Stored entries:

========================

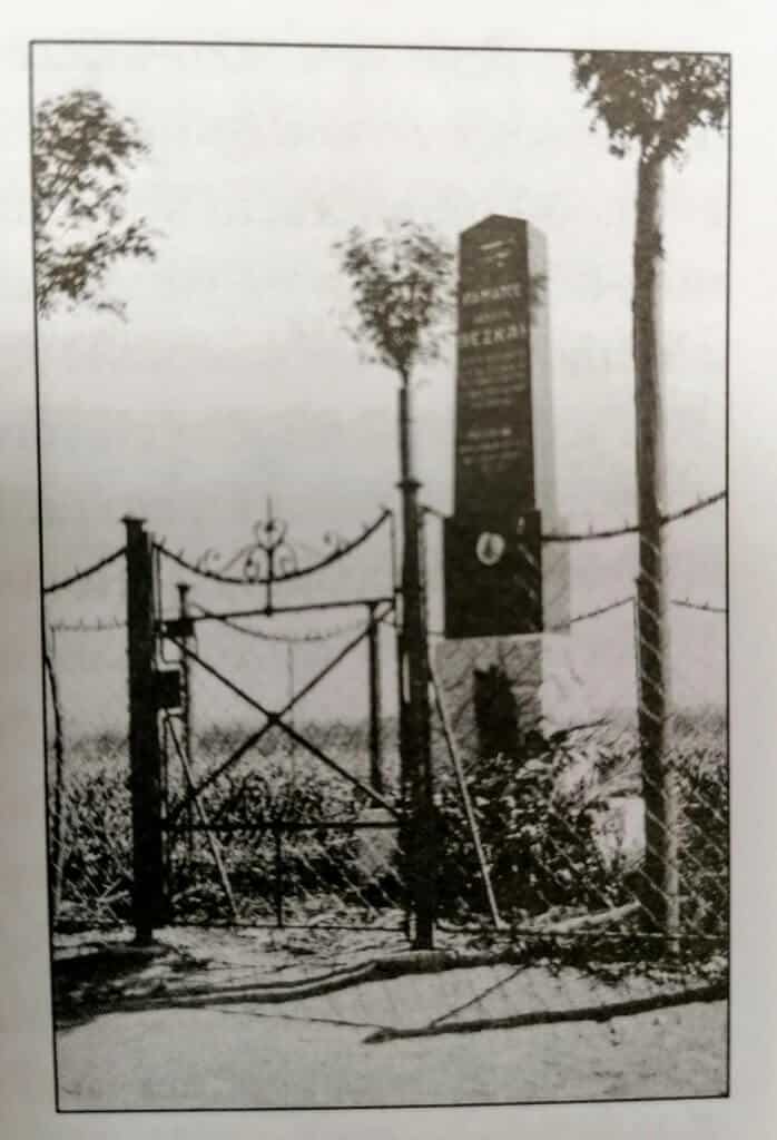 „Okrašlovací spolek chtěl zřídit tragicky zesnulému kolegovi zvláštní pomník, což se podařilo. Jeho slavnostní odhalení bylo v červnu 1925. Postupem času, kdy se sídliště rozrostla, zůstal pomník obklopen paneláky a vyřádili se na něm i vandalové. Jeho torzo se stalo v roce 2006 majetkem Vojensko – letecké historické společnosti České Budějovice.
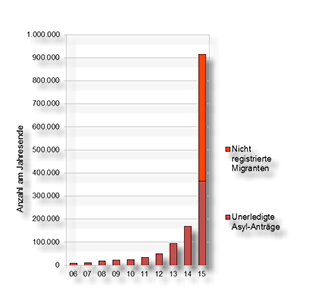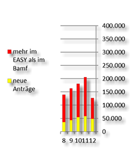 In den letzten Monaten hat die Behörde es nicht einmal geschafft, für jeden Eingewanderten eine Akte anzulegen, so dass weitere 623.350 Verfahren zu bearbeiten gewesen wären (rechts in hellrot).
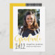 Este anúncio de graduação caprichosa apresenta um ponto para sua foto favorita. A palavra, Formando em letras grandes amarelas brilhantes com design bolinhas preto e branco
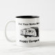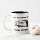 This coffee mug is available in a variety of colours and you can change the name on the top to personalise it to your name. It has a travel trailer design similar to a Grand Design Reflection 297RSTS travel trailer and the words "happy campers" on the bottom. This message can also be changed to whatever you would like. You can also change the colour of the interior of the cup to one of several different colours. It holds 11oz and has a large handle to make it easy to hold even when full. It is both microwave and dishwasher safe.
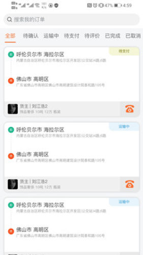 4、货灵鸟司机端app帮助司机处理订单,新订单第一时间接收处理,给有需要的人提供服务。
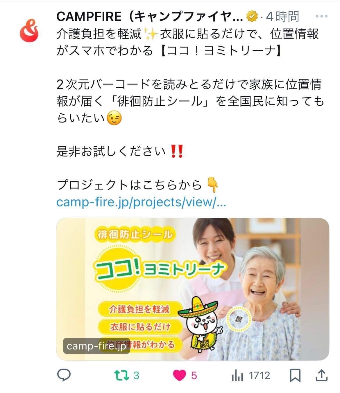 ご支援&応援いただきありがとうございます!先日、堺市のケアプランセンターの管理者様から「ココ!ヨミトリーナ」を、まとまった枚数ほしいとの連絡をいただきました。複数のケアマネジャーがいて、徘徊で悩んでいる利用者様にこれを使ってもらって、二次元バーコードを読み取った時の連絡先をケアプランセンター(事業所にして)共有して使うとのことです!個人情報の観点から、そういった使い方もありですね!貴重な提案ありがとうございました!
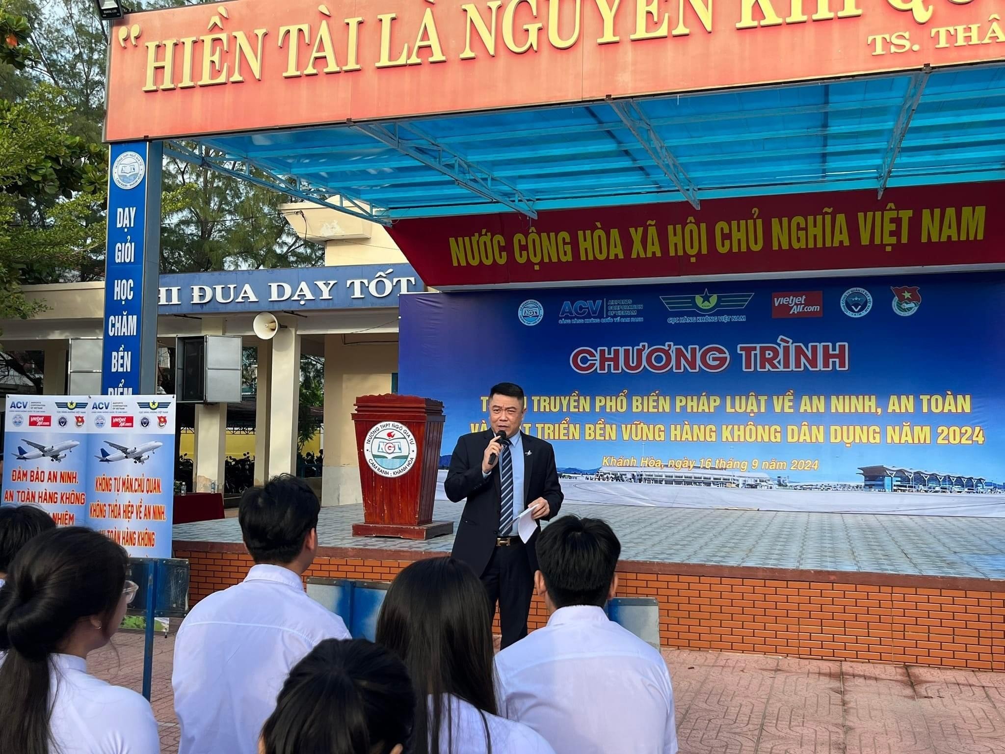 Sáng ngày 16/9/2024, tại trường THPT Ngô Gia Tự, phường Cam Nghĩa, thành phố Cam Ranh, Cảng HKQT Cam Ranh đã phối hợp với Cục hàng không Việt Nam tổ chức Chương trình Tuyên truyền văn hóa an ninh, an toàn hàng không năm 2024.

========================

Task requirements:
Please transcribe exactly the lines from the start of the records through the line containing "4、货灵鸟司机端app帮助司", leaving the pictures out.

Output for this exercise:
 „Okrašlovací spolek chtěl zřídit tragicky zesnulému kolegovi zvláštní pomník, což se podařilo. Jeho slavnostní odhalení bylo v červnu 1925. Postupem času, kdy se sídliště rozrostla, zůstal pomník obklopen paneláky a vyřádili se na něm i vandalové. Jeho torzo se stalo v roce 2006 majetkem Vojensko – letecké historické společnosti České Budějovice.
 In den letzten Monaten hat die Behörde es nicht einmal geschafft, für jeden Eingewanderten eine Akte anzulegen, so dass weitere 623.350 Verfahren zu bearbeiten gewesen wären (rechts in hellrot).
 Este anúncio de graduação caprichosa apresenta um ponto para sua foto favorita. A palavra, Formando em letras grandes amarelas brilhantes com design bolinhas preto e branco
 This coffee mug is available in a variety of colours and you can change the name on the top to personalise it to your name. It has a travel trailer design similar to a Grand Design Reflection 297RSTS travel trailer and the words "happy campers" on the bottom. This message can also be changed to whatever you would like. You can also change the colour of the interior of the cup to one of several different colours. It holds 11oz and has a large handle to make it easy to hold even when full. It is both microwave and dishwasher safe.
 4、货灵鸟司机端app帮助司机处理订单,新订单第一时间接收处理,给有需要的人提供服务。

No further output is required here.